──────── Excerpted records ────────

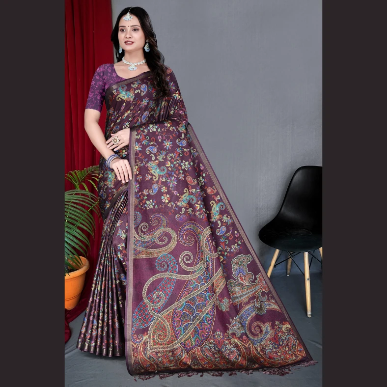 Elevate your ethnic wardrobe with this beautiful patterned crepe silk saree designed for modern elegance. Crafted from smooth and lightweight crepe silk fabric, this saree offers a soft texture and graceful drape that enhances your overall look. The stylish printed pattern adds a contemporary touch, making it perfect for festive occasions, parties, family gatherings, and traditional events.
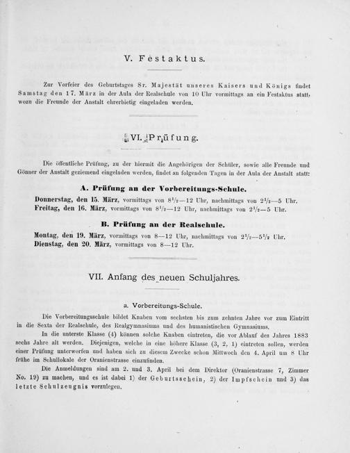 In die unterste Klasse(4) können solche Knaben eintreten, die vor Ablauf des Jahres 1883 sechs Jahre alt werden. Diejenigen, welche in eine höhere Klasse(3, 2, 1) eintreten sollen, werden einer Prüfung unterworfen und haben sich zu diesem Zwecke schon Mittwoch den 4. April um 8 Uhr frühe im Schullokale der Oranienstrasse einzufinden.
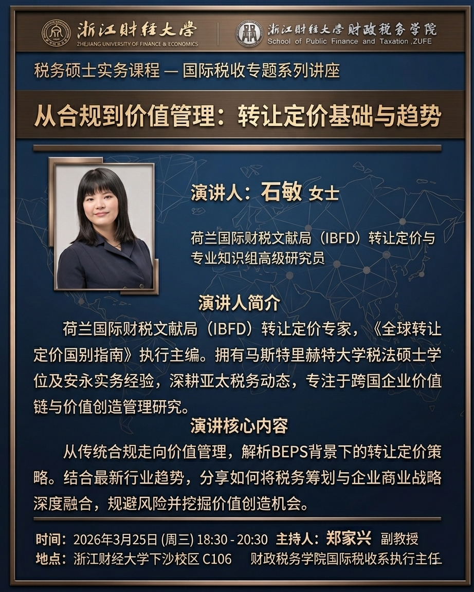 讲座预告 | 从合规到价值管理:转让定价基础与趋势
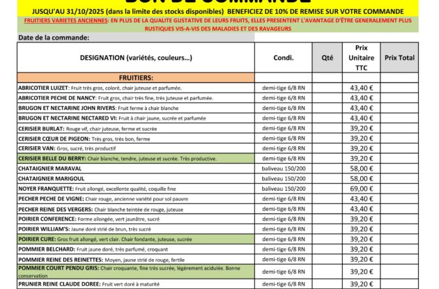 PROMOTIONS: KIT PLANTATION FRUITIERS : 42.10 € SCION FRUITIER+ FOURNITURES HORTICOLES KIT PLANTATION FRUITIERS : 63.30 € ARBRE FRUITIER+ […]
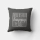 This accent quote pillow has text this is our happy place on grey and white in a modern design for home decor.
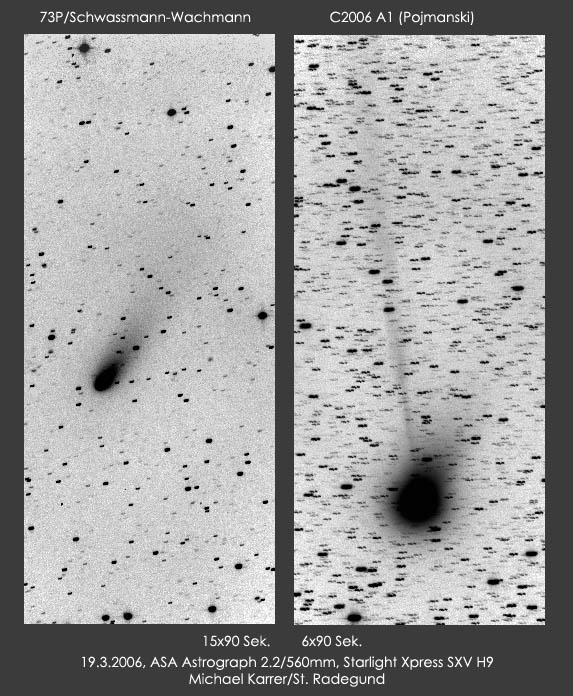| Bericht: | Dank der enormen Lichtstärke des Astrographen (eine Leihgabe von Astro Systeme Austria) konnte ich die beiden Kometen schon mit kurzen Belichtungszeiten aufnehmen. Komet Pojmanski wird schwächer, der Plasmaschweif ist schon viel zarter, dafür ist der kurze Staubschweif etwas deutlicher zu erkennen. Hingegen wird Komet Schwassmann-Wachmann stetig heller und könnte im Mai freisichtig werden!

────────
──────── Excerpted records ────────

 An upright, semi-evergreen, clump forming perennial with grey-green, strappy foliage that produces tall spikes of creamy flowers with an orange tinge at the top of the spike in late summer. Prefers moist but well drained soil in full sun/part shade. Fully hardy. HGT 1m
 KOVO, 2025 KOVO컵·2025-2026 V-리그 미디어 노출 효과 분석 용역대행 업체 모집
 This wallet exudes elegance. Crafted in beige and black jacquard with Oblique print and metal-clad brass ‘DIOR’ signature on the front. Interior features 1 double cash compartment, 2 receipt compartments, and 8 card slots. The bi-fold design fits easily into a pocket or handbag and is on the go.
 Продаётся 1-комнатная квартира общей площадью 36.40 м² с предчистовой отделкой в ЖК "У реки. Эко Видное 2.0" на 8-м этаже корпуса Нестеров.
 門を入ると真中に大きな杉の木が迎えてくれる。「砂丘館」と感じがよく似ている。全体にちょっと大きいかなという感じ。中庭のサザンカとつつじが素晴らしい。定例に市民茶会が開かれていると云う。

────────

### What is being asked
All that is wanted is a faithful reproduction of the line above with "This wallet exudes", the line with "門を入ると真中に大きな杉の木", and every line in between.

### Answer to this task
 This wallet exudes elegance. Crafted in beige and black jacquard with Oblique print and metal-clad brass ‘DIOR’ signature on the front. Interior features 1 double cash compartment, 2 receipt compartments, and 8 card slots. The bi-fold design fits easily into a pocket or handbag and is on the go.
 Продаётся 1-комнатная квартира общей площадью 36.40 м² с предчистовой отделкой в ЖК "У реки. Эко Видное 2.0" на 8-м этаже корпуса Нестеров.
 門を入ると真中に大きな杉の木が迎えてくれる。「砂丘館」と感じがよく似ている。全体にちょっと大きいかなという感じ。中庭のサザンカとつつじが素晴らしい。定例に市民茶会が開かれていると云う。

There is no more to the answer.